Sprained Ankle Treatment: Steps, Recovery & When to See a Doctor

Sprained ankle treatment can be completed at home when the sprain is mild. Recovery takes about 7 to 15 days, and treatment is aimed at reducing pain and swelling. 

When you sprain your ankle by twisting it or falling, you can injure the ankle ligaments and even fracture nearby bones. In these cases, as well as swelling and pain, you may find it difficult to walk or weight bear on the injured foot.

Although sprains can be treated at home in most cases,you should still see medical attention, particularly if you are unable to step on the foot or if you feel pain with palpation. 
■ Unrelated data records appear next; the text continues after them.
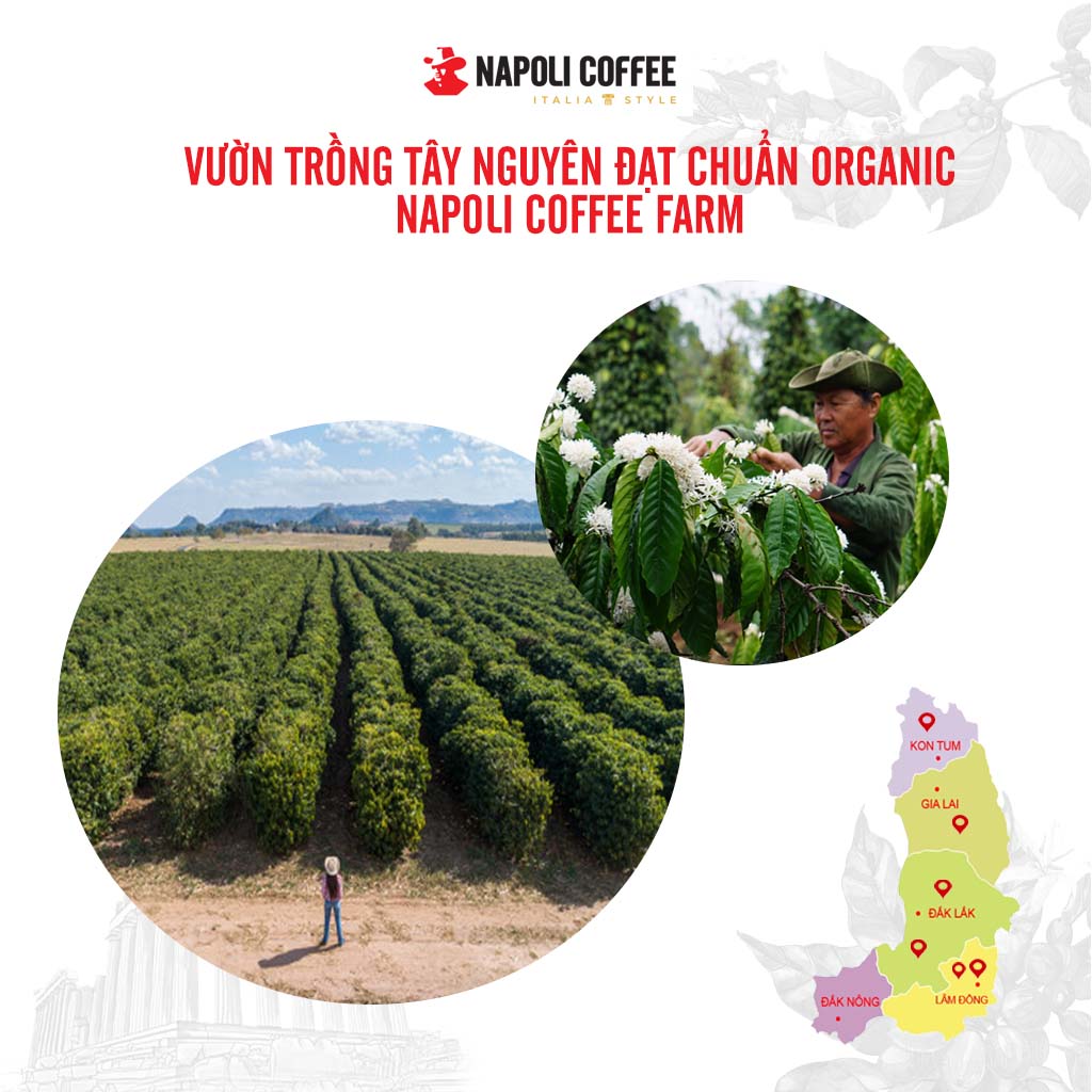 Sản phẩm đạt chuẩn FDA, ISO 22000:2018 • NAPOLI - 26 NĂM PHỤC VỤ TẠO NÊN UY TÍN VÀ CHẤT LƯỢNG CAO => Hạt cà phê Robusta và Arabica được canh tác, thu hoạch và chế biến khép kín trên nông trại của Napoli, đảm chất lượng tuyệt đối, kèm với công nghệ rang mộc, chết biến hiện đại theo công thức độc quyền của nhà sáng lập. Vì thế chất lượng của ly cà phê sau khi pha đảm bảo nguyên bản và giá luôn rẻ nhất trên thị trường
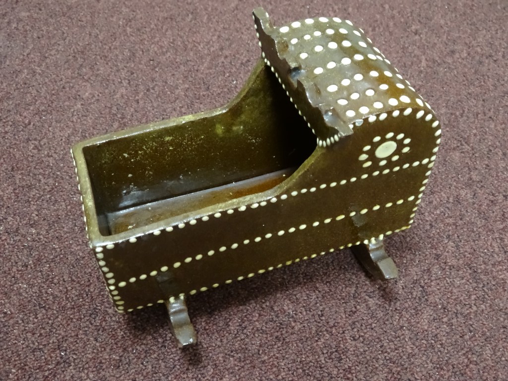 Salt jar with lid and a slipware decorated jug and below 2 cradles for small dolls.
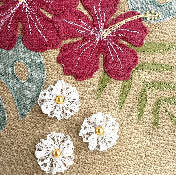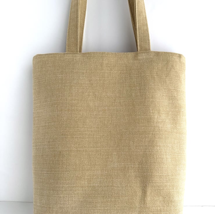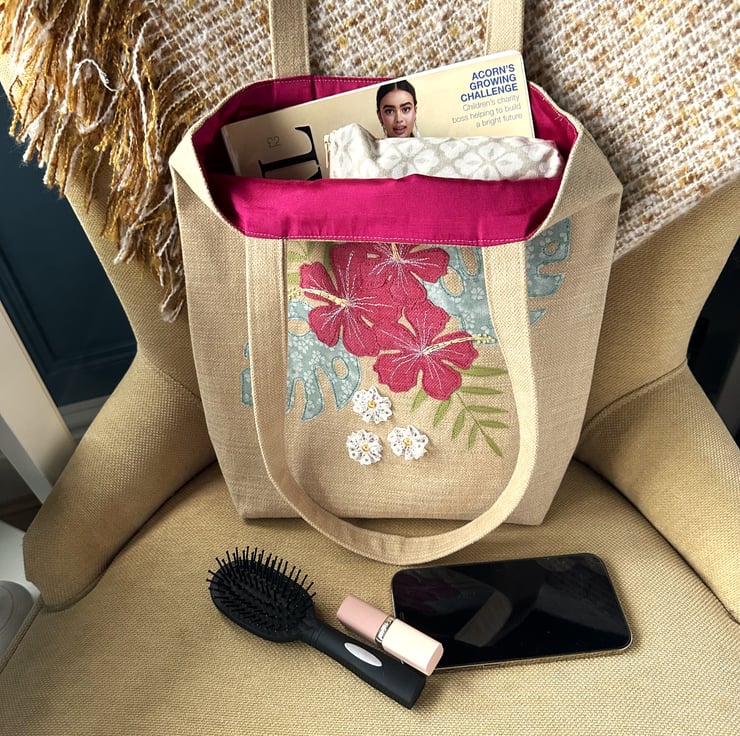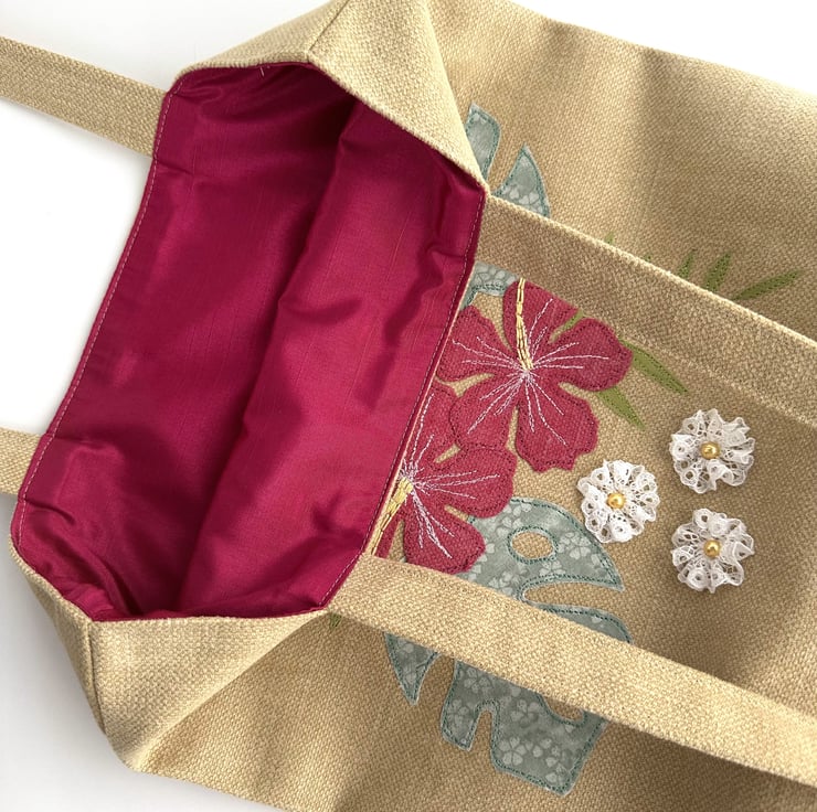 A tropical themed tote bag in a golden-beige upholstery fabric with an appliqué design featuring a cluster of hibiscus flowers amongst monstera leaves and other foliage. The hibiscus flowers are made from vibrant deep pink upholstery fabric. I’ve used free-motion machine embroidery to add pale pink shading to the petals. The yellow pistils in the centre of the flowers have been hand-embroidered. The monstera leaves are made from a lovely pale blue-green mottled fabric with a subtle print pattern of tiny flowers. There are also sprays of zesty green leaves. I’ve added three hand-made white lace flowers with yellow faux pearl centres. The bag is lined with deep pink fabric with a lovely sheen.

Imagem ilustrativa número 1

How to treat a sprained ankle

You can use the following measures to help speed-up the recovery of a sprained ankle:

1. Keep your foot elevated

It is recommended that you keep your foot elevated to prevent swelling from getting worse. You can lie on a bed or sofa and place a high pillow under the injured foot.

2. Apply an ice pack

Applying ice compresses or even bags of frozen vegetables to the affected area for 15 minutes at a time can help relieve pain and swelling. It's important to place a thin towel or diaper between the skin and the compress to prevent the cold from burning the skin.

3. Wiggle your toes

Wiggling your toes little by little can facilitate recovery and reduce swelling.

4. Do gentle stretches with your ankle

Performing light stretches can help improve blood circulation and range of movement.

How long recovery takes

Mild injuries can take between 7 and 15 days to fully heal. However, when the injuries are more serious and present with bruising, swelling or difficulty walking, the recovery time can take up to a month and a short period of immobilization, rehabilitation through physiotherapy or walking aids may be necessary.

In addition, some cases may continue to experience pain, swelling and difficulty walking despite treatment and may require surgery. 

When to see a doctor

It is important to seek urgent medical attention if you experience any of the following:

  • Immense difficulty walking or inability to support weight bear on the injured foot
  • Pain to the touch in the affected ankle;
  • Sensation of small pops when you palpate the ankle;
  • Numbness in the foot;

In these cases, the injuries can be more serious, with a risk of fracture or ligament rupture, and home treatment is not enough. Therefore, you should proceed to the nearest emergency room for assessment.

In addition, when pain and swelling in the ankle or difficulty walking continue even after treatment, it is important to consult an orthopedic surgeon, who is the most appropriate professional to assess the injury and indicate the best form of rehabilitation.